The Silent Sister(106)



I tried calling Danny, unsurprised when he didn’t answer. I grabbed my duffel bag and locked my apartment door before heading down to the deserted garage. My phone rang as I got in my car. Jeannie again. I would call her from the road. Right now, I was anxious to get back to New Bern. I’d drive straight to Danny’s trailer and wake him up. I had to tell him what I’d learned. I’d beg him not to talk to Harry … if he hadn’t already.

The night was pitch-black and I had the road nearly to myself. I started to call Jeannie twice, but each time tears filled my eyes and I knew my voice would shut down on me, and I stopped the call before it could go through. I was nearly to Goldsboro by the time I thought I could talk without crying.

She sounded frantic when she answered the phone. “Are you all right?” Her voice surrounded me in the car. “I’ve been so worried. I had no idea what—”

“I’m alive,” I said. “That’s about the best I can tell you.”

“What happened?” she asked.

My tears started again and I couldn’t speak.

“Oh, honey,” she said. “Tell me. Talk to me.”

“Steven Davis was my father,” I said.

She was silent and the dark air of my car filled with my sobs. I could hardly see the road in front of me.

“No,” Jeannie said finally. “I don’t believe it. I don’t want to believe it!”

I told her everything Celia had said, my words nearly unintelligible. Jeannie had to ask me half a dozen times to repeat myself. By the time I’d choked out the story, her voice was thick as well.

“If only Lisa had told your parents what was going on!” she said. “They could have done something to help her.”

“I know.”

“She was such a gentle girl,” Jeannie added. “I could never even picture her holding a gun, much less shooting one. Now it all makes sense. She would have done anything to protect you.”

“And I was horrible to her, Jeannie!” I said. “I got so upset when I was talking to her.”

“Did you tell her to stay away from New Bern?” Jeannie asked.

“She’s coming anyway,” I said. “I have to talk to Danny. I have to try to—”

A deer suddenly darted into the road in front of me, nothing more than a flash of tawny fur in my headlights. Reflexively, I yanked the wheel to the right as I let out a scream. My car went airborne, the steering wheel useless, the tires off the road, and I catapulted like a rocket, upside down, into the black night.





57.

Jade

Jade and Celia were quiet in the sterile breakfast room of the hotel in the morning. Across the table from them, Shane and Travis talked about the set list for that night’s concert as they wolfed down their eggs and bacon, seemingly oblivious to the strain between the two women. Jade knew that Celia was upset with her, and who wouldn’t be? She was upset with herself, but for different reasons. She wanted to see Riley again.

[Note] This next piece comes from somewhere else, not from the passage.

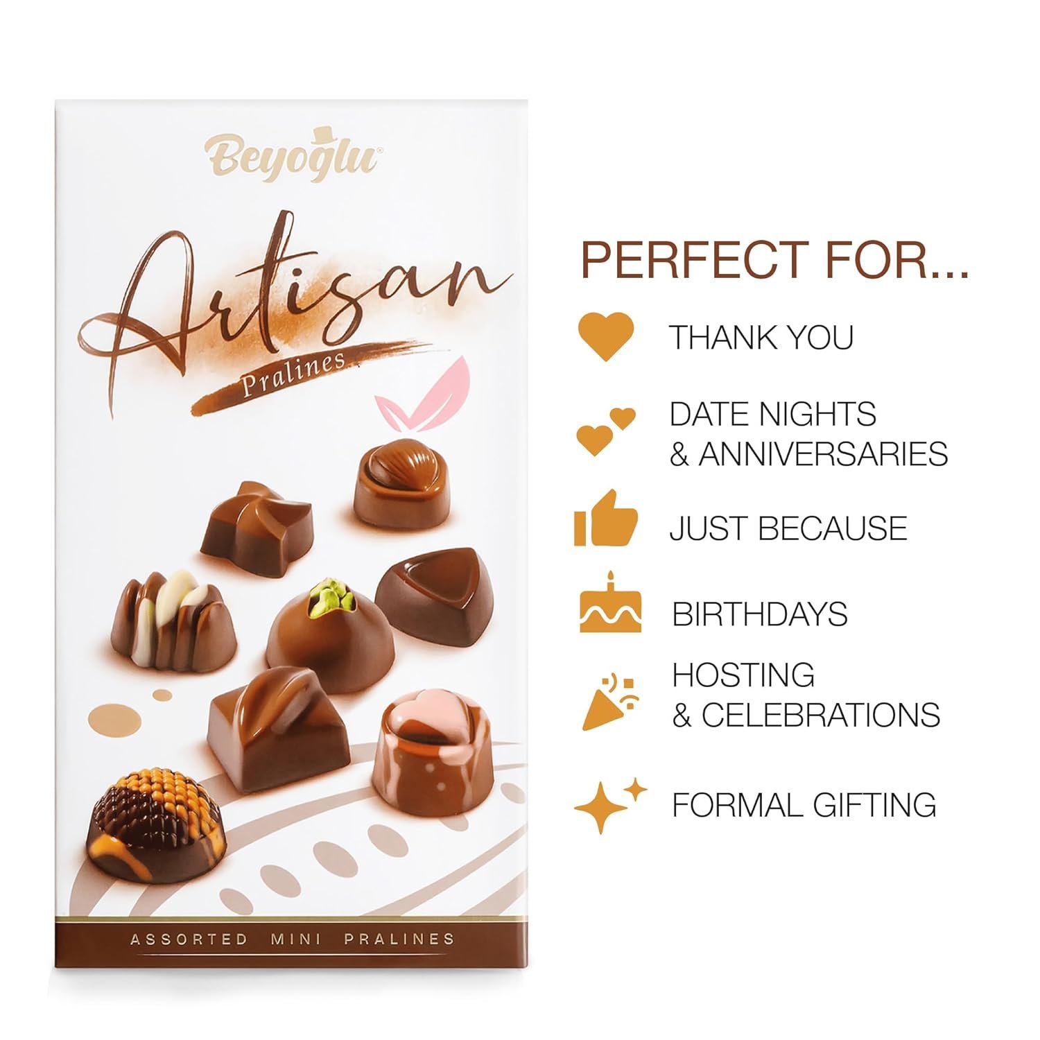 Beyoglu Artisan Premium Assorted Mini Chocolate Pralines (80g) Discover the elegance of fine chocolate craftsmanship in a perfectly sized assortment. Beyoglu Artisan Premium Assorted Mini Chocolate Pralines bring together a refined selection of bite-sized chocolates, thoughtfully curated to showcase the artistry of Turkish confectionery in a gift-ready presentation. From the first glance to the final bite, Beyoglu Artisan Pralines invite you to slow down and savor. Enjoy them alongside a rich Turkish coffee, share them with guests, or treat yourself to a moment of refined indulgence—luxury that feels special yet accessible. A Curated Collection of Flavor & Craft This is more than an assortment—it’s a celebration of texture, flavor, and design. Inside, you’ll find smooth milk chocolate shells filled with indulgent hazelnut cream, silky caramel, and delicate pistachio notes. Each praline is crafted with attention to detail, offering a balanced and sophisticated tasting experience in every bite.

She wanted to take a cab over to her apartment right that second, but fear held her back. The way Riley had left her the night before had been so decisive, as though she was washing her hands of Jade forever. If only she could have more time with her. She wanted to build the connection with Riley they’d never been able to have. The yearning was so all-consuming that it nearly overshadowed her fears about tonight’s concert in New Bern. Had Danny already told his cop friend? Would she be led away in handcuffs once again? Her heart sped up at the thought of her hands bound together as they’d been so long ago. She didn’t think she could take it. Twenty-three years ago, she’d been facing years in prison. That would seem like a walk in the park in comparison to what she’d be facing now. Not only had she killed someone, but she’d jumped bail and assumed a false identity and … oh, who knew what all the charges would be? At least Daddy wasn’t alive to be charged as well. That would only have doubled her distress.

All she knew was that she would confess to everything. Every charge against her—she’d accept it without argument. There would be no trial. She was never going to let Riley learn that she’d had an abusive son of a bitch for a father.

She stared down at her plate with its untouched scrambled eggs and slice of bacon, and a small pathetic sound—a whimper—escaped from her throat.

“What’s the matter?” Travis looked across the table at her, his fork in his hand. Travis was sweet. The caretaker of the rest of them, and the peacemaker, always. He hated any sort of conflict. But she couldn’t say anything to put him at ease this morning. She could only stare at her plate.

Celia put her arm around Jade’s shoulders. “It’s all right,” she said softly in her ear. “We’ll work this out somehow.”

“What are you talking about?” Shane asked. “What’s going on? What do you need to work out?”

“No big deal,” Celia said. “She’ll be okay.”

She wanted to tell the guys right now, over breakfast. They’d be caught completely off guard tonight and that seemed unfair, but Celia said they needed to “just sit with it” for a while. Jade didn’t know what that meant, but she also didn’t have the strength to argue with her about it. Celia had been gone a long time the night before and she was quiet when she returned, not wanting to talk. Jade hated the uneasiness between them. This could very well be their last few hours of freedom together, and they were destined to have a sour, miserable day leading up to … what? Would the police come for her before the concert or after? Would Riley be there or would she stay home, not wanting to watch the disaster she and Danny had set in motion?